4. Patients, economic and societal benefits
The identification of new therapeutic strategies in kidney disease would have a significant health-economic benefits, as renal replacement therapy (dialysis and transplantation) is very costly. For example, ATN associated with AKI affects 10% of hospital inpatients and round 10-15% of these patients will require at least one session of dialysis costing £150 per session, and together costing the NHS tens of millions of pounds per annum. Furthermore, some patients with CKD progress to end-stage renal failure, requiring dialysis or a transplant to sustain life. Provision of chronic dialysis requires substantial resource, 2% of total NHS budget, and in the US, $25 billion, representing 27% of the total Medicare budget.

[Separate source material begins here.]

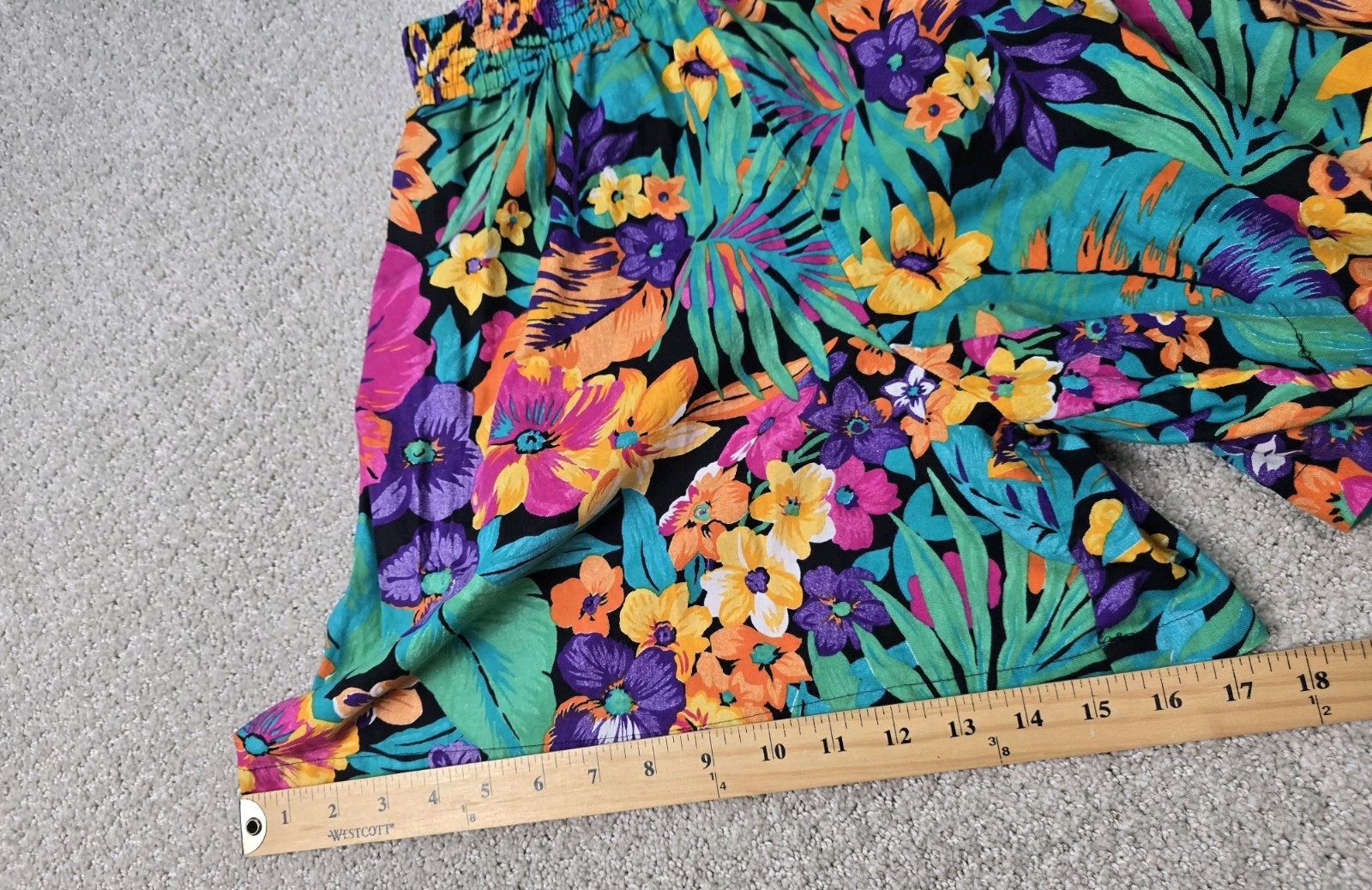 как выглядит Vintage 80s Medium M Sostanza Multicolor Shorts Stretch Elastic Floral USA Beach фото

Amelioration of AKI in renal transplantation would also achieve a significant cost saving; more than half of kidneys obtained from deceased cardiac death donors develop ATN, necessitating the patient to receive one or more sessions of dialysis with its attendant risks and costs. Having treatments for AKI and CKD would also expand the number of organs that could be used for transplantation, with the ultimate effect of reducing the number of patients on dialysis. The avoidance of dialysis not only has economic benefits, but also has societal benefits, since many patients receiving dialysis are unable to work due to the time constraints imposed by the requirement for thrice weekly dialysis sessions. Transplantation restores patient independence and frequently facilitates a return to work.
Therefore datasets that will potentially shed light on new treatment strategies for these conditions would have substantial societal and economic benefits, as well as benefits for individual patient's quality of life.